PLEASE NOTE: This document is subject to amendment. It is intended for descriptive and informational use only. DO NOT USE IT TO REGISTER FOR CLASSES. To register, please consult the University Time Schedules.
The Following "Special Courses" are for M. Div. students only:
629-60000-01/02 Special Course — Chicago Theological Seminary
629-63000-01/02 Special Course — Meadville Lombard Theol School
629-65000-01/02 Special Course — Catholic Theological Union
629-66000-01/02 Special Course — Lutheran Theological School
629-68000-01/02 Special Course — McCormick Theol. Seminary* An asterisk indicates that the course so designated may count toward the required “designated introductory courses” for M.A. students.
DVSC 42000 Divinity School: German Reading Exam
Staff: ARR
PQ: Open only to Divinity School students (to be held Monday, April 19 at 6:00 p.m.)
DVSC 45100 Reading Course: Special Topic
Staff: ARR
PQ: Petition with bibliography signed by instructor; enter section from faculty list.
DVSC 49900 Exam Preparation
Staff: ARR
PQ: Open only to Ph.D. students in quarter of qualifying exams. Department consent. Petition signed by Advisor.
DVSC 50300 Research: Divinity
Staff: ARR
PQ: Petition signed by instructor; enter section from faculty list.
DVSC 59900 Thesis Work: Divinity
Staff: ARR
PQ: Petition signed by instructor; enter section number from faculty list.
BIBL 32700 Law in Biblical Literature
Chavel, Simeon
T/Th 11:30-12:50 S106
PQ: First year of Biblical Hebrew
BIBL 44800 Words of the Wise: Proverbs and Qohelet
Chavel, Simeon
T/Th 4:00-5:20 S200
PQ: First year Biblical Hebrew.
BIBL 45800 The Three Letters of John
Klauck, Hans-Josef
M/W 9:00-11:00 S208
The Gospel of John tends to overshadow somewhat the three letters of John also found in the canon of the New Testament. They deserve to be read on their own right; when we do this, we may get additional glimpses of a project that might be called Johannine theology. The two brief letters 2 John and 3 John give us some insight into the situation of the community where these writings were produced.
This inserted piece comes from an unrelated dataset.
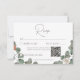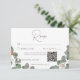 Este cartão de resposta do casamento com um design de código QR apresenta um simples, verde-aquarela suave e spray de eucalipto ferrugem no fundo de sua escolha de papelaria. É delicado, elegante e subestimado. Criado pela imprensa simplesmente de farmácia.

They are also highly interesting for the use they make of Greek epistolography. The longer first letter looks more like a theological meditation of major themes of the Gospel tradition like light and darkness or truth and lie. However, it also reflects a bitter schism in the community, provoked by issues of Christology.
PQ: No Greek required. A special Greek reading section will be offered M/W 10:20-11:00).
BIBL 50400 Early Christian Rhetoric
Mitchell, Margaret
Th 3:00-5:50 S403
An examination of the rhetorics (persuasive strategies) of early Christian literature, and how they were rooted in the ancient paideia (education system) and forms of public life in the Greco-Roman world. We shall focus on significant points of intersection with the Greco-Roman rhetorical tradition in terms of style, “invention”, arrangement, and delivery, by triangulated close readings each week in Greek of selected early Christian writings, Greco-Roman rhetorical compositions, and samples of rhetorical theory. The early Christian texts will range from Paul to the fourth century, and may include: Galatians, I Corinthians, Athenagoras, legatio pro Christianis, Gregory of Nazianzus’ funeral oration for his brother, Caesarius, and John Chrysostom’s de laudibus sancti Pauli and de sacerdotio.
PQ: Strong Greek skills.
Ident. HCHR 50401
THEO 31600 Introduction to Theology *
Hector, Kevin
T/Th 10:30-11:50 S208
This course is designed to introduce students to the language, controversies, and figures of theology, and to encourage students to improve their own theologizing by considering its public relevance, intelligibility, and justifiability.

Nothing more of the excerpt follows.